Task directions: Set the data down again, exactly as it reads, but without the pictures.

Source material:
* * *

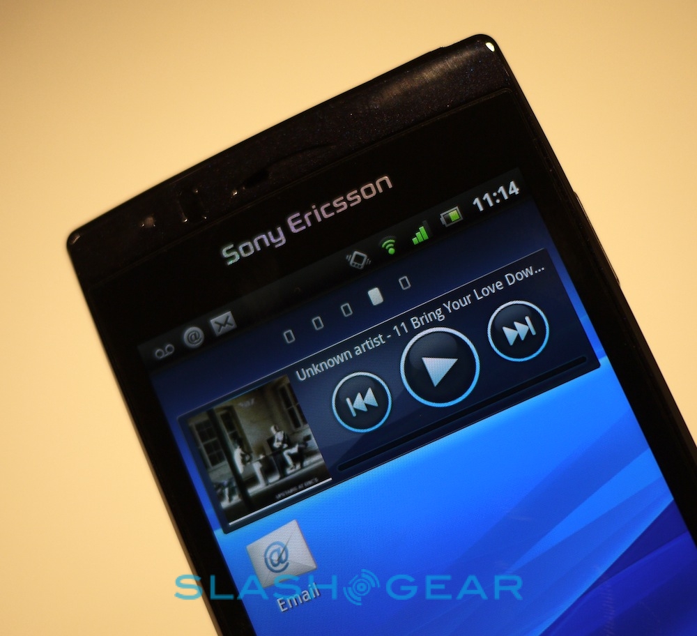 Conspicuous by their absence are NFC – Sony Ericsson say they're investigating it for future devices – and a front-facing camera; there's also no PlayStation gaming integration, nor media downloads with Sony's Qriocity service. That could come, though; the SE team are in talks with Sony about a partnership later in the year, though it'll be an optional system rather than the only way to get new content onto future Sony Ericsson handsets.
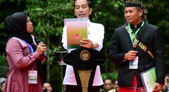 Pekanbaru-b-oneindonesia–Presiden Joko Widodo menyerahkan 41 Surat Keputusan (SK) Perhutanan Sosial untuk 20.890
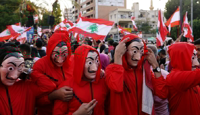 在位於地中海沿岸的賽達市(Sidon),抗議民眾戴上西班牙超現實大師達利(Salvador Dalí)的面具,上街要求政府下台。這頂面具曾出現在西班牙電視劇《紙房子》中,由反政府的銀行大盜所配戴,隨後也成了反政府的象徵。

* * *

Reply:
 Conspicuous by their absence are NFC – Sony Ericsson say they're investigating it for future devices – and a front-facing camera; there's also no PlayStation gaming integration, nor media downloads with Sony's Qriocity service. That could come, though; the SE team are in talks with Sony about a partnership later in the year, though it'll be an optional system rather than the only way to get new content onto future Sony Ericsson handsets.
 Pekanbaru-b-oneindonesia–Presiden Joko Widodo menyerahkan 41 Surat Keputusan (SK) Perhutanan Sosial untuk 20.890
 在位於地中海沿岸的賽達市(Sidon),抗議民眾戴上西班牙超現實大師達利(Salvador Dalí)的面具,上街要求政府下台。這頂面具曾出現在西班牙電視劇《紙房子》中,由反政府的銀行大盜所配戴,隨後也成了反政府的象徵。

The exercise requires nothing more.